Having been a part of the scene for most of his life, and in Sleeps for the best part of two decades, Mat describes seeing and feeling how alive our world feels right now as like watching his favourite TV show.

“I love when a band comes out of nowhere and breaks, I love when bands go from hammering it forever and eventually get somewhere they deserve. When a band’s doing really well, I don’t get jealous about it, I think it’s cool for the scene. When it’s in a bit of a lull I think, ‘What does it need? What kind of band should turn up?’ I love it when it’s booming and it’s like this. I enjoy watching every episode of the series because I’m invested in it.”

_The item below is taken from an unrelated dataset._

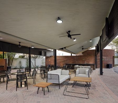 Amenidades exteriores: alberca, auditorio, centros culinarios.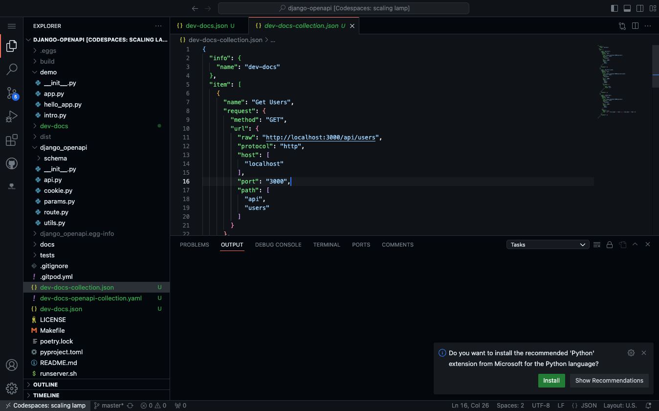 After a couple of minutes you should see two files create dev-docs-collection.json and the dev-docs-openapi-collection.yaml.

“We’re stoked on our trajectory, we’re the biggest we’ve ever been,” asserts Loz. “And it didn’t happen quickly for us. When we got to Alexandra Palace and sold it out, all of our peers and people around us were saying more than anything that it’s well-deserved. That is just nice to get back. We’ve put the time in, we’ve been grinding for a long time, and we’re in a really good place.”

“If the scene is doing what it is at the moment and people are going to these shows, and bands are getting bigger, I like that we’re a household name in that group,” smiles Mat.

For all of this modesty, camaraderie and northern charm, however, Loz can’t help himself signing off in typical rock’n’roll fashion.

“All these bands can come along whenever they want… but our live energy ain’t nothing to fuck with.”

And for a band with more stamps on their gig passport than most, it’s hard to argue. Years of tireless touring have led Sleeps to this point and they’re still levelling-up to bigger, better things, now backed by one of the most forward-thinking British metal records of the year. And as a summer of festivals and an impending arena tour awaits, they stand as proof that hard work pays off and that nothing will stop them from achieving their dreams. On their own terms.